Sam Mohr (Mar 02 2025 at 19:12):

Because the second one is pass by value, so more copying is happening

Brendan Hansknecht (Mar 02 2025 at 19:59):

Your talking about the returned value from Work.init_with_env which is being placed into the larger struct as the .work field?

Sam Mohr (Mar 02 2025 at 20:01):

Yes

Sam Mohr (Mar 02 2025 at 20:02):

Not sure if that's a big cost, or if LLVM will optimize that away

Brendan Hansknecht (Mar 02 2025 at 20:03):

I wouldn't worry about that. Should be optimized away by llvm. Also, should not be anywhere near the hot path.

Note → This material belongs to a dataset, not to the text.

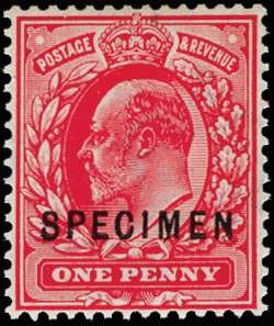 1902 1d Bright scarlet. Very fine unused o.g. example printed by DLR, overprinted "SPECIMEN" type 22. Spec. M5(2)w. Ex. "Minoru".

Brendan Hansknecht (Mar 02 2025 at 20:04):

large returned structs by default are turned into pointer args

Sam Mohr (Mar 02 2025 at 20:04):

Great, that was the most underlying question

Luke Boswell (Mar 05 2025 at 10:30):

Question re https://github.com/roc-lang/roc/pull/7664#discussion_r1980864364 @Anthony Bullard and @Joshua Warner

I was wanting to clarify, should I be slicing into the source bytes or getting this information from the interner?

Is the plan for the untagged union to go away eventually and everything will be interned?

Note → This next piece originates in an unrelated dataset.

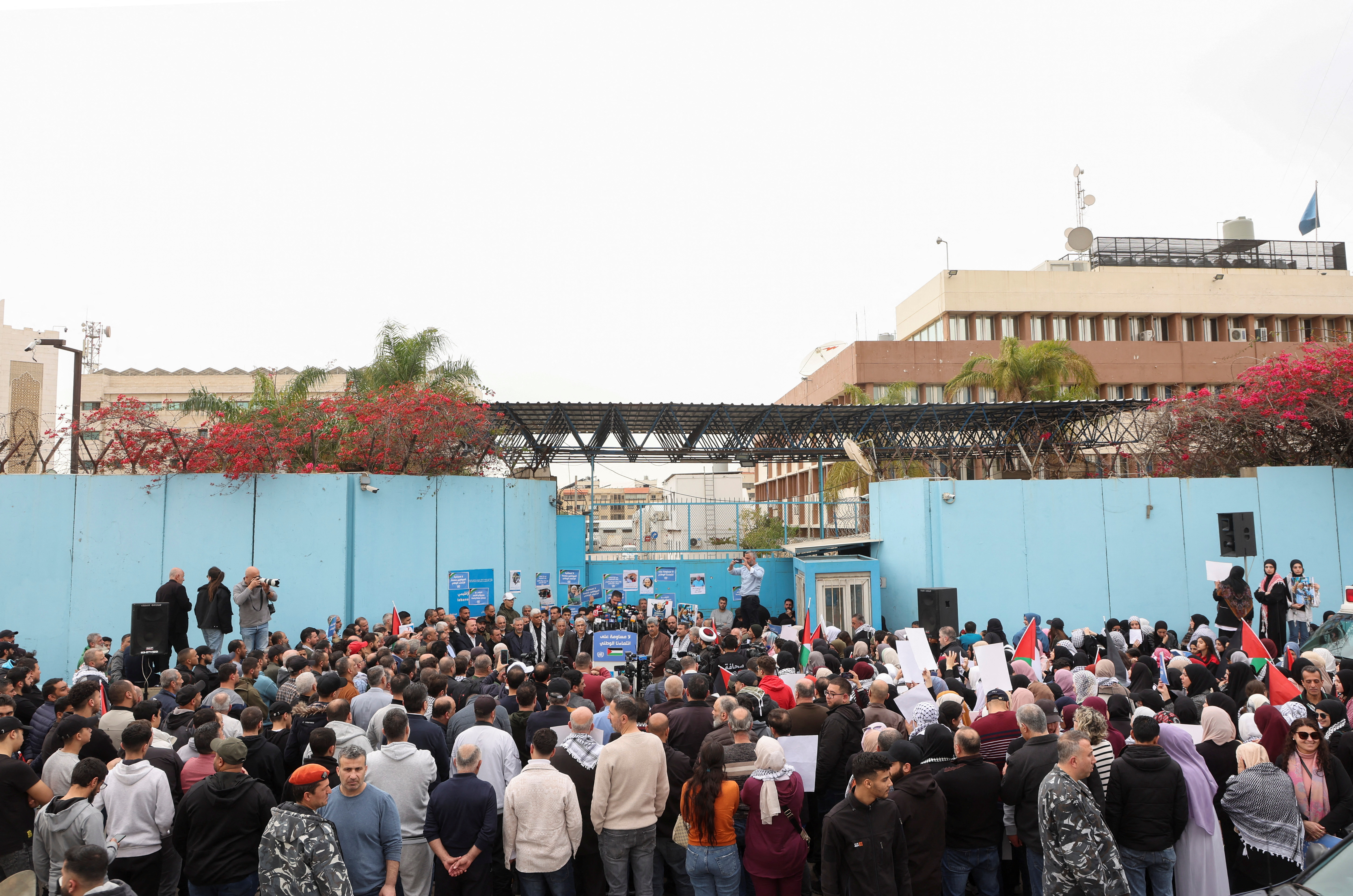 示威者在联合国巴勒斯坦难民机构办公室外举行抗议活动,因该机构因可能违反员工行为规定而将一名员工停职,摄于2024年3月27日,贝鲁特… 阅读更多贝鲁特,3月27日(路透社)- 周三,数十人在联合国巴勒斯坦难民机构贝鲁特办公室外抗议,因该机构因可能违反员工行为规定而将一名员工停职。

Anthony Bullard (Mar 05 2025 at 12:16):

I haven't really paid attention to the interning progress we've made, I know that I'm using IR.resolve in the formatter

Joshua Warner (Mar 05 2025 at 16:03):

The untagged union won’t go away - eg for things that we definitely don’t need to intern (braces, symbols, etc)

Joshua Warner (Mar 05 2025 at 16:03):

My intent is that strings/number/etc will all be interned

Brendan Hansknecht (Mar 06 2025 at 02:18):

I assume if we have any sort of parse errors, we should not format the ast, right? We should print the parse errors and early exit.

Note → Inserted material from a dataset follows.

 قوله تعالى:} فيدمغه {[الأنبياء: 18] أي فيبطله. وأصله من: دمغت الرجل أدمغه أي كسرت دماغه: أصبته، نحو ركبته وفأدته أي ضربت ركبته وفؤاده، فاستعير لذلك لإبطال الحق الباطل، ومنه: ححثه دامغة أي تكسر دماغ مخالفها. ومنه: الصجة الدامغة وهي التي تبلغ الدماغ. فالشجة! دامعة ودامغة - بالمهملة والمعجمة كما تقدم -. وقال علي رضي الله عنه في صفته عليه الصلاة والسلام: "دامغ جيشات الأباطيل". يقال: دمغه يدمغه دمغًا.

Luke Boswell (Mar 06 2025 at 02:27):

I thought the plan was to do a best effort, and generate a compiler error.

Luke Boswell (Mar 06 2025 at 02:28):

Are you specifically talking about the cli formatter?

Brendan Hansknecht (Mar 06 2025 at 02:54):

Yeah, cli specifically

Luke Boswell (Mar 06 2025 at 02:54):

Ahk, that makes sense then.

Luke Boswell (Mar 06 2025 at 02:55):

The only thing I can think of is maybe there is something like an LSP that would want different behaviour. But that's a different tool.

Joshua Warner (Mar 06 2025 at 05:31):

Eventually I want the formatter to format everything _but_ the part of the input that has the error (e.g. maybe the nearest outer statement/decl) - and then copy the source text from the input verbatum, for the section with the error - the only possible difference being indenting or dedenting the entire block of text, if appropriate.

Joshua Warner (Mar 06 2025 at 05:31):

... but for now I think we should just make the formatter bail out on parser OR tokenizer errors.

Brendan Hansknecht (Mar 06 2025 at 06:16):

That makes sense and will be cool when it works

Anthony Bullard (Mar 06 2025 at 10:30):

I think we need to keep the source input around throughout all sources that can report errors in the source

Brendan Hansknecht (Mar 06 2025 at 16:43):

At some point we could manifest the errors if we need to.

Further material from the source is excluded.